When God and Jesus were eliminated from their societal consciousness, all crosses had their tops cut off and became “T”s in honor of Ford’s Model T. People genuflect in the shape of a “T” when Ford’s name is mentioned. A narrator recalls the concepts of immortality and heaven in ancient times, but notes that people still consumed a lot of drugs and alcohol. The current society offers a substance called soma as an answer to the old society’s drugs, alcohol and religion. The Controller calls soma Christianity without tears.
Members of the society attend Solidarity groups. They listen to music, sing Solidarity hymns, and make the sign of the “T.” They partake in the dedicated soma tablets and soma -laced strawberry ice cream drink. They sing praises to Ford, calling him the Greater Being and asking him into their presence. They strive to annihilate self as they become one with Ford and each other. Caught up in the music and the high from the soma, they begin to dance and sing their orgy song. As the music pulsates, members cry that they hear him coming. The service morphs into an orgy. The twice-monthly service offers peace, balance and release.

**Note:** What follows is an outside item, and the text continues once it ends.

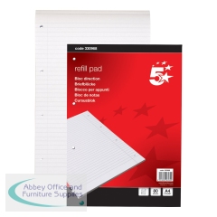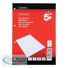 5 Star Office Refill Pad Headbound 70gsm Ruled Margin Punched 4 Hole 160pp A4 Red/White (Pack of 10). Refill Pad. 160 Page. 70gsm. 80 Sheets. Ruled and Margin. Feint Ruled and Margin. Punched 4 holes. Pack of 10.
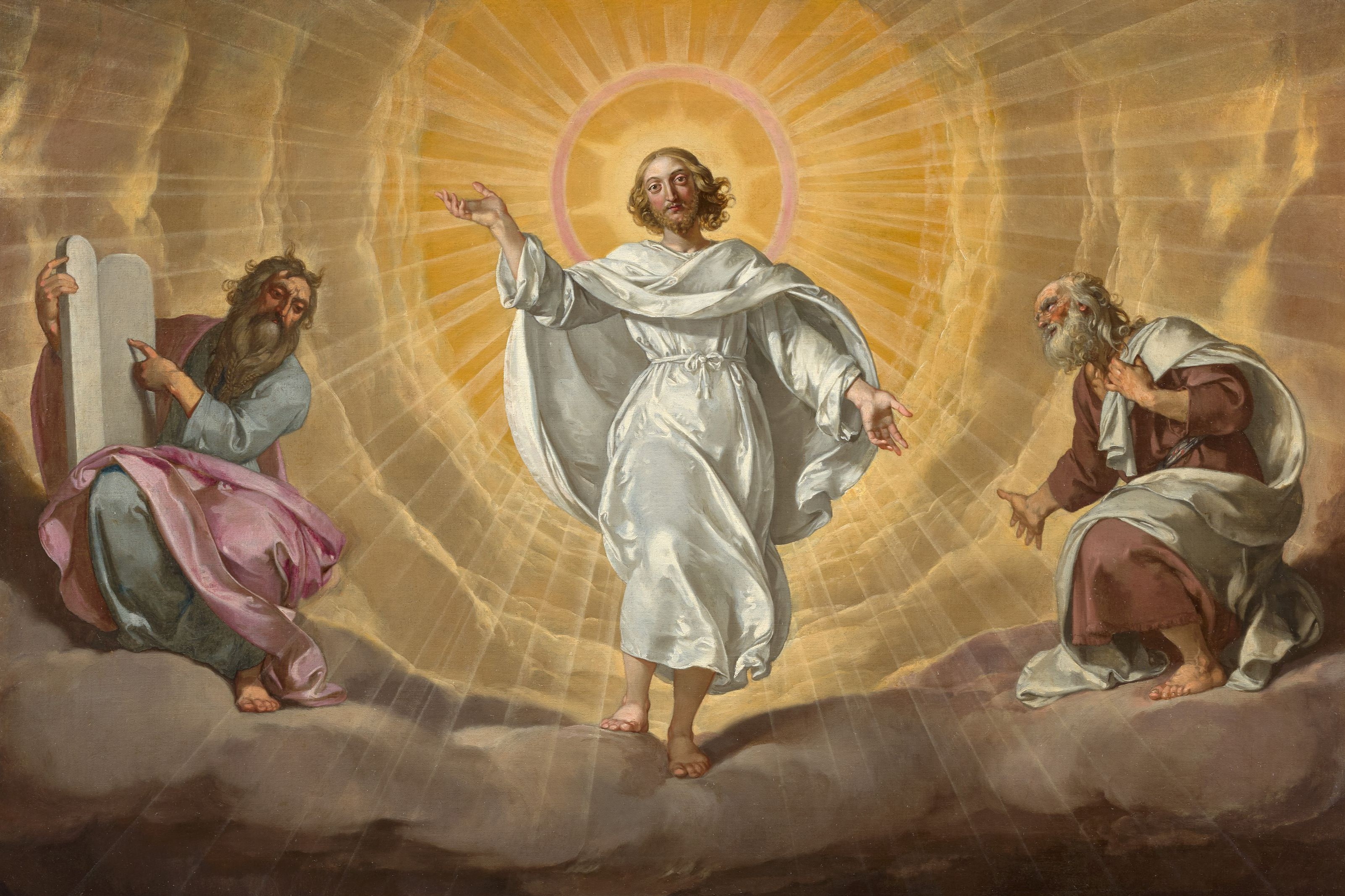 U ono vrijeme: Isus uze sa sobom Petra, Jakova i Ivana, brata njegova, te ih povede na goru visoku, u osamu, i preobrazi se pred njima. I zasja mu lice kao sunce, a haljine mu postadoše bijele kao svjetlost. I gle: ukazaše im se Mojsije i Ilija te razgovarahu s njime. A Petar prihvati i reče Isusu: »Gospodine, dobro nam je ovdje biti. Ako hoćeš, načinit ću ovdje tri sjenice, tebi jednu, Mojsiju jednu i Iliji jednu.«

The Controller believes he is serving the greater good by offering the society false happiness rather than God, pain and passion.
A–, d—, h— appear. The Lord’s name is taken in vain. Ford’s name is used in any context “Lord” might be used in our society, both in reverence and in vain. John calls Lenina a strumpet and a whore. He misuses the name of God repeatedly, generally when he feels remorse for things he’s done or experienced in the brave new world.
Linda slaps John around when he’s a child, banging his head. She calls him a beast who has turned her into an animal because she gave birth like one. Later she feels remorse and kisses him over and over. John catches his mother sleeping with a man, the man’s hand on her breast. John tries to stab the man, who only laughs at him.
The violence John experiences on the reservation conditions him to act out violently when Lenina offers herself to him sexually. Another time, he whips Lenina when she tries to give herself to him. Crowds and media are on the scene, and a soma orgy ensues.
Children are urged to engage in erotic play, just as adults are encouraged to have many sexual partners. The Director laughs with the students about a time when erotic play was suppressed and considered immoral.
Lenina sees a group of men in her office and recalls sleeping with most of them. Lenina has been sleeping with Henry Foster on a regular basis. Her friend chides her for not having more random sex and urges her to be more promiscuous. Women are required to have pregnancy substitutes, pills and injections that stimulate the effects of pregnancy.
Bernard dislikes that men talk about their sexual conquests and discuss women as though they were pieces of meat. As Lenina prepares for a trip with Bernard, she wears a belt bulging with the regulation supply of contraceptives. Hypnopaedia from age 12 to 17 along with drills three times a week have ensured that contraception use is automatic in young women.
People chew sex-hormone chewing gum. The society’s religious services, called Solidarity meetings, end in orgies. Linda regularly sleeps with several men at the reservation. Most people attend movies called “feelies.” These are erotic motion pictures that also include tactile sensations.
Lenina and John attend a feely in which a black man rapes a white woman. Lenina is relieved when Bernard starts fondling her breast on their trip. Bernard and John note that sex without relationship is infantile and unsatisfying. Lenina can’t comprehend this idea and throws herself at John by undressing in front of him.
Note: The book always uses a capital H in “Him” when referring to Ford.)